To use the 8.5% SPIA example, in order for a perpetuity to produce $8500 in income per year when prevailing interest rates are 4.2%, then the market price would be 8500/.042 = $202,380. (You can also double check the perpetuity by using a formula like =PV(.042,10000,-8500,0).) The SPIA producing $8500 per year for a 70-year-old cost $100,000. The perpetuity is worth twice as much. If that isn't enough to prove to you that they're fundamentally different instruments, I've got a bridge in Alaska to sell you.

What duration is saying for a perpetuity is that, because it will receive payments indefinitely, the market value of the perpetuity is very sensitive to interest rates. One little flick of the rate, and the market value will swing around. If we can imagine a SPIA as having a market value after purchase, its duration must be shorter than the perpetuity because it has an end date. Its interest rate sensitivity must be less. How much less, of course, depends on the life expectancy of the annuitant.

It's possible that the person could collect for 70 years, but the expected period of collection for a 40-year-old buying a SPIA is more like 45 years. Undoubtedly the duration would be longer than for a 70-year-old purchasing a SPIA. One thing about NPV of future cash flow items is that as the period grows longer, the change in net present value is smaller since payments in the distant future are heavily discounted. For example, compare the NPV of a perpetuity paying $8500 per year when prevailing rates are 4.2%, which is about $202,380, to a 100-year mortgage with $8500 per year payments with a 4.2% interest rate.
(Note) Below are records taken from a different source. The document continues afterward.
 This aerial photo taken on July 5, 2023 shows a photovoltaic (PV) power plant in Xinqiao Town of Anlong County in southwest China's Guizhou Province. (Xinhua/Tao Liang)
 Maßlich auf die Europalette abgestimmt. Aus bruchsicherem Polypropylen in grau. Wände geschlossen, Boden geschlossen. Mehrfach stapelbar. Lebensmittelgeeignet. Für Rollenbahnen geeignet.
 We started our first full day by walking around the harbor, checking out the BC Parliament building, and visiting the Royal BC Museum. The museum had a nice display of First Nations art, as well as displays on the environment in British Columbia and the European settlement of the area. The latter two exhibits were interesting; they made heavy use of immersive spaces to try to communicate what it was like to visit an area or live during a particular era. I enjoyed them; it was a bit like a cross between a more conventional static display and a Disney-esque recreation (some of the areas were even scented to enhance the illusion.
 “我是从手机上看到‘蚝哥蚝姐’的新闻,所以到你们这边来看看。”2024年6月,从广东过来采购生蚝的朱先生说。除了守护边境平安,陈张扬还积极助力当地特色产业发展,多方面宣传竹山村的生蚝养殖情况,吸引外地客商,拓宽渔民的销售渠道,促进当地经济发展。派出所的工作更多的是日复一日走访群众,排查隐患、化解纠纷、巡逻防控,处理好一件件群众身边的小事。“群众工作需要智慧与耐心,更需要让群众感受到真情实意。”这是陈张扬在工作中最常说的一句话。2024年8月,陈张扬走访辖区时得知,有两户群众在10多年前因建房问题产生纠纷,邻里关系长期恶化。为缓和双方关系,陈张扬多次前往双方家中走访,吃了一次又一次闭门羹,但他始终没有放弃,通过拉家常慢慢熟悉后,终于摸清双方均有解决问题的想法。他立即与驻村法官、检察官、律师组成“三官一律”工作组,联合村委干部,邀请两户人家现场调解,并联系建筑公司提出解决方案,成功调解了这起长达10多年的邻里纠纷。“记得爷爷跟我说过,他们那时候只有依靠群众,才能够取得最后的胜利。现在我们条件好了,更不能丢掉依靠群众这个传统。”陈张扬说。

That mortgage's face value would be about $199,074. So, likewise, if a SPIA was going to last 50 years, its numbers would start to approach those of a perpetuity. But a 70-year-old's SPIA is not close to that yet.
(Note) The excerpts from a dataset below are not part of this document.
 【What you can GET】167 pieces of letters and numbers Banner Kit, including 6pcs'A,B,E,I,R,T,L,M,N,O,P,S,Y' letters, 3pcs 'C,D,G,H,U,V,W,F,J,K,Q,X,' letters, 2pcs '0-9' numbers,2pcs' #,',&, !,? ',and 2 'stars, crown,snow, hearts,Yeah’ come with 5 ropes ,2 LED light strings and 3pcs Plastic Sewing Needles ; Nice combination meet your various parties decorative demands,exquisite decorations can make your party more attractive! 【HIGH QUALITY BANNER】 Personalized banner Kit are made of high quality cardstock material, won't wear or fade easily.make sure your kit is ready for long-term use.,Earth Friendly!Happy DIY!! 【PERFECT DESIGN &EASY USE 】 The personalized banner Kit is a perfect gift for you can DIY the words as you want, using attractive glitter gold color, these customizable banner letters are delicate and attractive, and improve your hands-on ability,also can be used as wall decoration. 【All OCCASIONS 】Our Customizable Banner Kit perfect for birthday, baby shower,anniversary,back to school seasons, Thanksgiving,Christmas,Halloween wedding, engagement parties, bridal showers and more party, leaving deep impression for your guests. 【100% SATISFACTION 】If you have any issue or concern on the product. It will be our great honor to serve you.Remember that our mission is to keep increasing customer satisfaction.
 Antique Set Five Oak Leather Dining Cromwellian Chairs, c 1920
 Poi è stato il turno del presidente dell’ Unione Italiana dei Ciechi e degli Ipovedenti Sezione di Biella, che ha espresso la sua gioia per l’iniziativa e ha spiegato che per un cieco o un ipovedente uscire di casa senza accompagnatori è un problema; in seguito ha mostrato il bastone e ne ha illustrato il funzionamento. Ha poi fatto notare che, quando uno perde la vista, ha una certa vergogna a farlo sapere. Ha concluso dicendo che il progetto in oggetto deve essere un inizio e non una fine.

But under the hood, so to speak, a SPIAScubaHogg wrote: ↑Fri Sep 15, 2023 12:06 amAn MBS doesn’t make sense, since as the principal gets paid down, there is less ongoing interest more principal gets paid off each month. A SPIA isn’t returning principal, or paying interest. It’s just a payout rate. There is no remaining balance or residual claim.

*is*returning principal. For example, the Internal Revenue Code taxes nonqualified annuities as if they were returning principal and paying a bit of interest over the life expectancy of the annuitant. After life expectancy, all of the income is taxable. Did you ever make the Treasury ladder spreadsheet I asked you to make? Do you know what a Treasury ladder is? If you looked at the cashflows, I think you would agree that a mortgage is probably the other best comparison.